Transformations
His world got bigger
Rolandas Kesminas, fresh out of graduate school, was working as an instructor in Lithuania when Marquette professor Dr. Don Neumann arrived to teach physical therapy. Kesminas didn’t know it at the time, but his world was about to get bigger.
 |
| “Being at Marquette was a wonderful educational and cultural experience. The people there were so giving. Now I want to give back.” |
“I had just finished my master’s degree in rehabilitation science, specializing in adaptive physical activity, and was teaching when Dr. Neumann arrived,” Kesminas says. “Since I was one of the few people who spoke English, I interpreted his lectures.”
Despite the language barriers, Neumann’s classes were popular. “They were all full,” Kesminas says. “He’s got a gift and loves what he’s doing.
“He invited me to attend Marquette for a 4- to 5-week gross-dissection and kinesiology course in summer 2004,” Kesminas says.
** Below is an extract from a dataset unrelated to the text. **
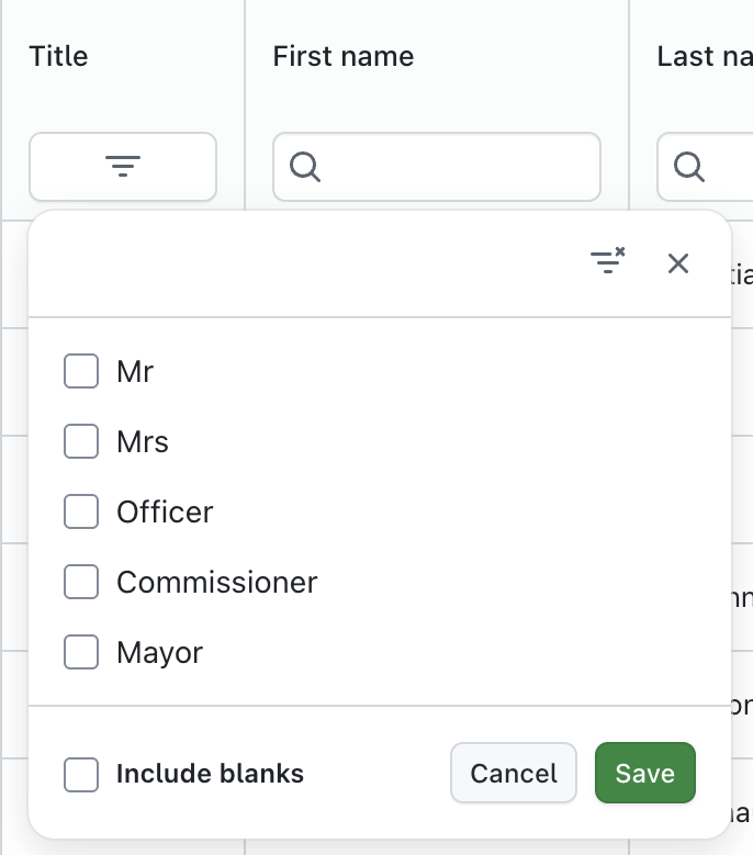 When you click on the button beneath the column title, a set of filter options are displayed - these will differ depending on the type of data you are filtering. For example, if the column data reflects something like a 'Title' (as shown in the screenshot below), you will see a set of checkboxes. If you select to filter a column containing dates, you will be provided with a set of date fields to create a ranged filter, and if there is a numerical value involved (eg fees or invoicing), you will also see a ranged filter available.

While here, he observed PT, American-style. “There are differences in both the content and the way PT is taught in the United States,”
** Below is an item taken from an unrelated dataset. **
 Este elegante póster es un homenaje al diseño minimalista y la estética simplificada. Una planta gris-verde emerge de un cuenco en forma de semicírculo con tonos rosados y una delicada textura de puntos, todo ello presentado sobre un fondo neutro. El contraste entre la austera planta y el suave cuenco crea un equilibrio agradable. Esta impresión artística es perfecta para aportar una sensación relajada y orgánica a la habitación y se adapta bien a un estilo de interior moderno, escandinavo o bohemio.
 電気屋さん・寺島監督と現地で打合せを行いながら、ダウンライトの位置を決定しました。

he says. “There’s more kinesiology, manual therapy skills and labs. In Lithuania, most physical therapy instructors are not practicing ones, so most of their classes are theoretical.”
Neumann encouraged Kesminas to apply for a Fulbright Student Scholarship.
He did, and was back at Marquette in 2005, taking kinesiology, athletic training and advanced orthopaedics classes while observing at sports medicine clinics. “My attitude was not, ‘Now I can teach everything in Lithuania,’” he says, “but to go back and say, “‘this is
how they do it in the U.S.’”
When his Fulbright ended in August, Kesminas returned to Lithuania and is teaching at the Lithuanian Academy of Physical Education in its physical therapy and sports medicine departments. He also teaches continuing education courses; works in an outpatient clinic to keep his manual therapy skills sharp; and is helping to write a book of terms for Lithuanian PTs.
As if that was not enough, he also plans to conduct research, participate in a teaching exchange program and get a doctorate — all things he had never dreamed of doing when he first came to Marquette.